2. The method for preparing high-purity anhydrous scandium fluoride according to claim 1, characterized in that, In step (1), the molar ratio of scandium oxide to zinc fluoride is 1:(3~3.6).
3. The method for preparing high-purity anhydrous scandium fluoride according to claim 1, characterized in that, In step (1), the mechanical activation treatment is carried out by dry ball milling, and the ratio of the mass of the ball milling beads to the total mass of scandium oxide and zinc fluoride is 5:1 to 15:
1. The ball mill speed is 200~500 rpm, and the ball milling time is 1~4 h.
4. The method for preparing high-purity anhydrous scandium fluoride according to claim 1, characterized in that, In step (2), the roasting temperature is 750℃~1000℃ and the roasting time is 1~4 h.

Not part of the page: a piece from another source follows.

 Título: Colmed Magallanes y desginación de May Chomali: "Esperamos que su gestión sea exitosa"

5. The method for preparing high-purity anhydrous scandium fluoride according to claim 1, characterized in that, The total ammonia concentration in the mixed leaching system in step (3) is 4~10 mol / L.
6. The method for preparing high-purity anhydrous scandium fluoride according to claim 5, characterized in that, In step (3), the concentration of ammonia in the mixed leaching system is 2.5~6 mol / L, and the concentration of ammonium salt is 2~5.5 mol / L.

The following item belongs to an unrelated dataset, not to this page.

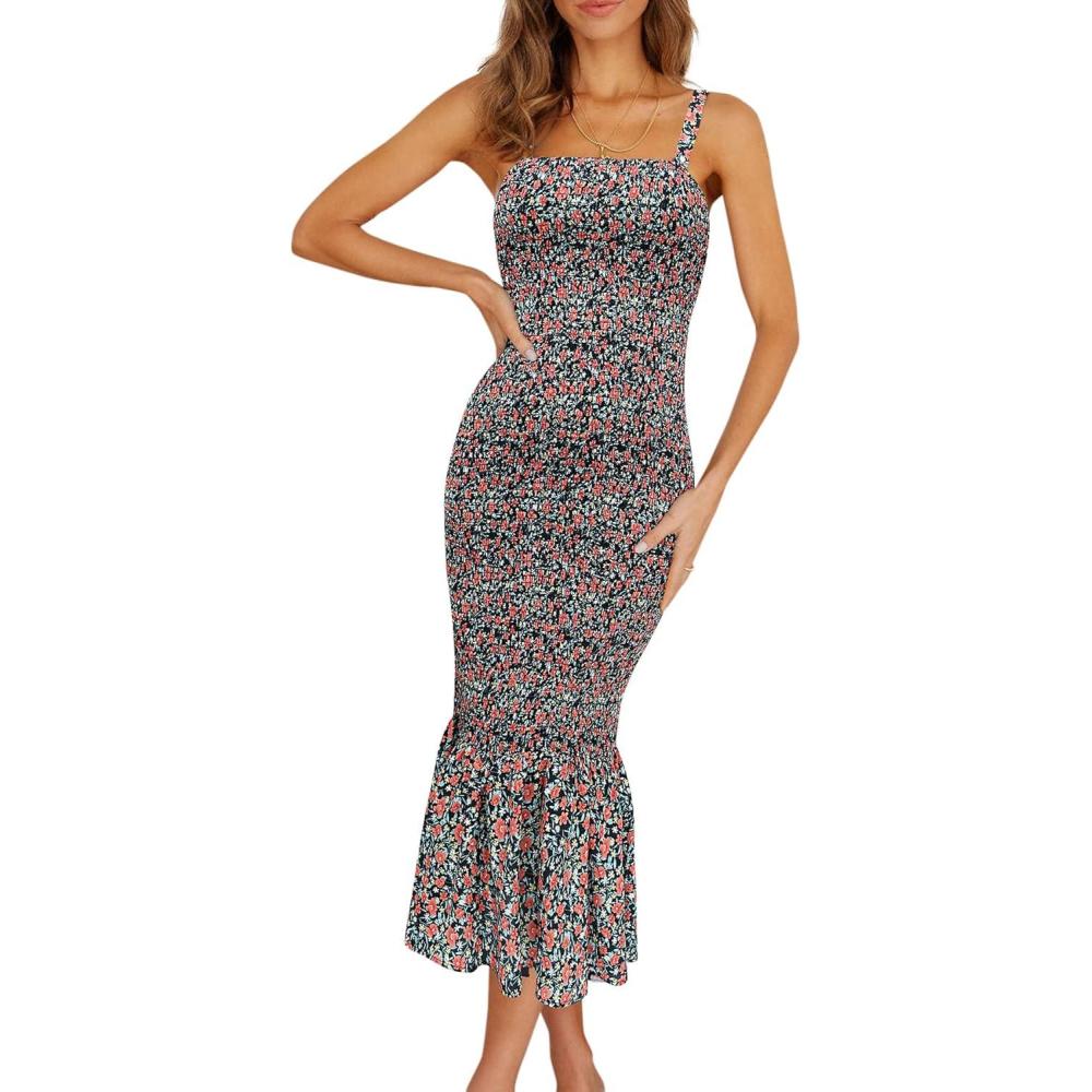 Be the first to review “PRETTYGARDEN Women’s Summer Floral Midi Tank Dress Sleeveless Strappy Ruffle Hem Smocked Bodycon Dresses(Black Red Floral)”

7. The method for preparing high-purity anhydrous scandium fluoride according to claim 1, characterized in that, In step (3), the leaching temperature for selective leaching is 30℃~80℃, and the leaching time is 60~120 min.
8. The method for preparing high-purity anhydrous scandium fluoride according to claim 1, characterized in that, The washing in step (4) includes: first, using ammonia water with a mass concentration of 2% to 3% to replace and wash the solid crude product, and then using deionized water to wash until neutral.
9. High-purity anhydrous scandium fluoride prepared by the preparation method according to any one of claims 1 to 8.
10. The high-purity anhydrous scandium fluoride according to claim 9, characterized in that, The high-purity anhydrous scandium fluoride has an oxygen content of less than 400 ppm.